Material provided -
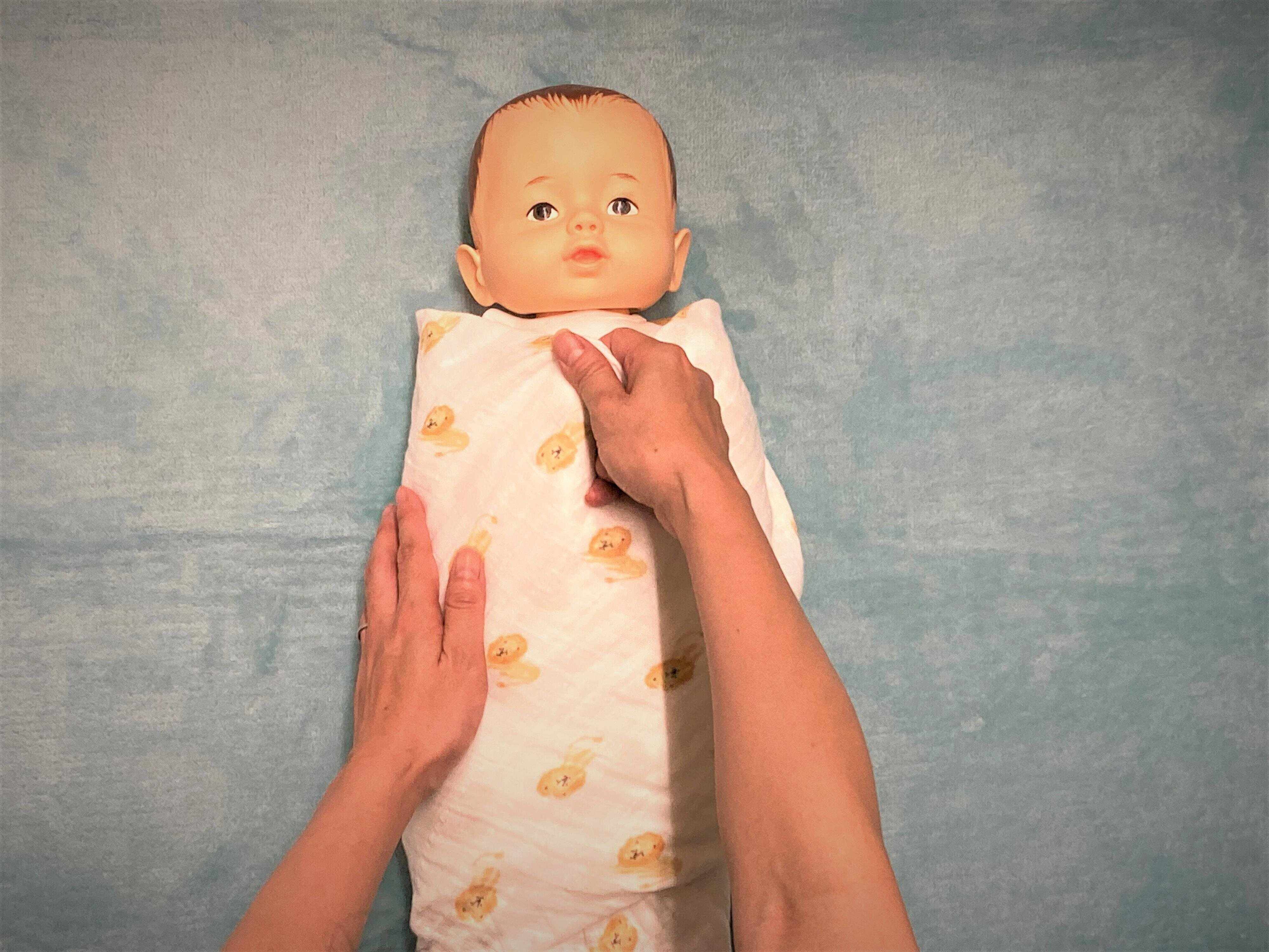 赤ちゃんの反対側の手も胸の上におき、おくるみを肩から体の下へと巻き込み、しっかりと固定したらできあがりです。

* * *

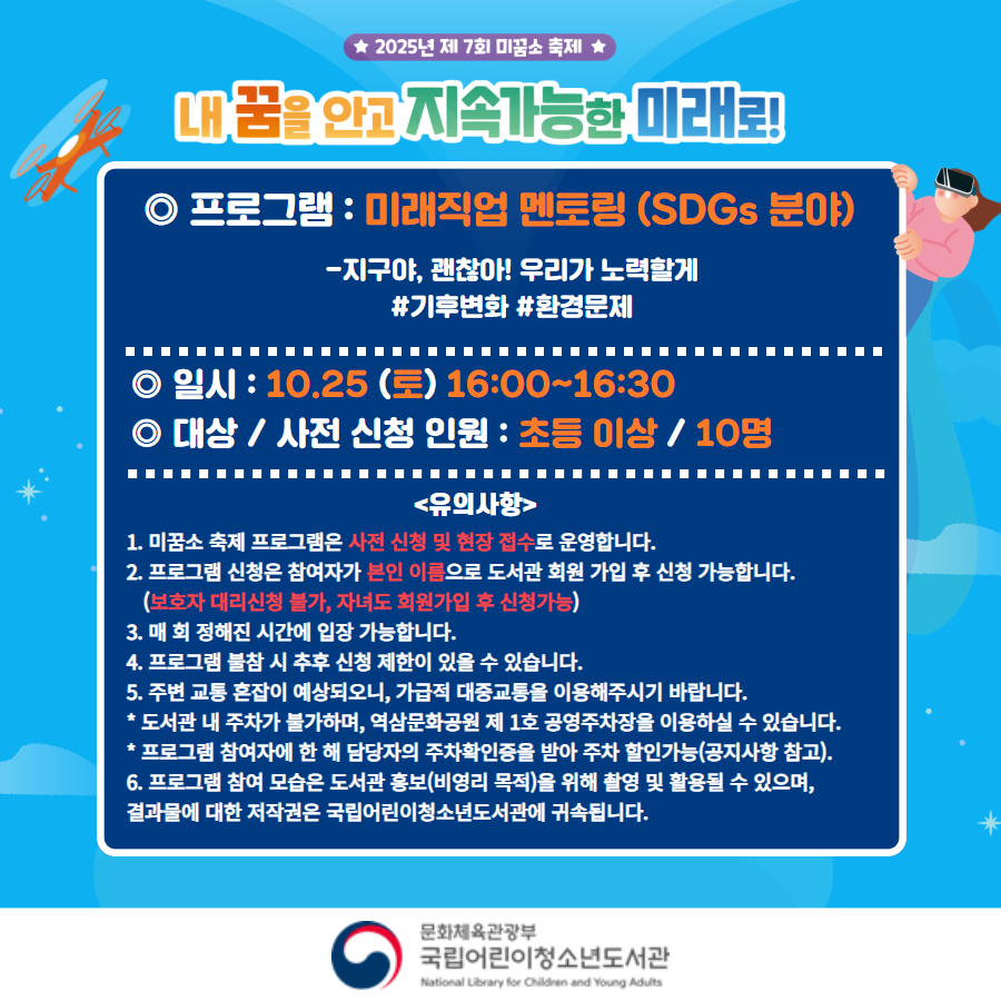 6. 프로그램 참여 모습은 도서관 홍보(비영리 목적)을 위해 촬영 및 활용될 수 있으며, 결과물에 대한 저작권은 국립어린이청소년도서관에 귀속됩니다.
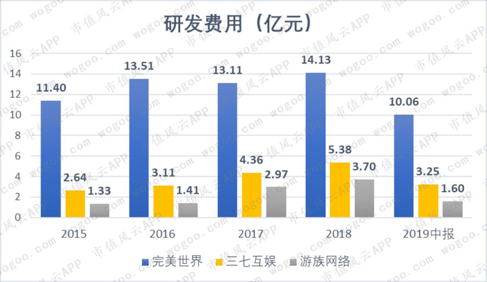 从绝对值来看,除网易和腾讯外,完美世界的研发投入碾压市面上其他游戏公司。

Your task - Start at the line above containing "6. 프로그램 참여 모습은" and stop at the line containing "从绝对值来看,除网易和腾讯外,完美世界的研发投入碾压市面上其他游戏公司。": print those lines and everything between them exactly, but not the pictures.

Expected output -
 6. 프로그램 참여 모습은 도서관 홍보(비영리 목적)을 위해 촬영 및 활용될 수 있으며, 결과물에 대한 저작권은 국립어린이청소년도서관에 귀속됩니다.
 从绝对值来看,除网易和腾讯外,完美世界的研发投入碾压市面上其他游戏公司。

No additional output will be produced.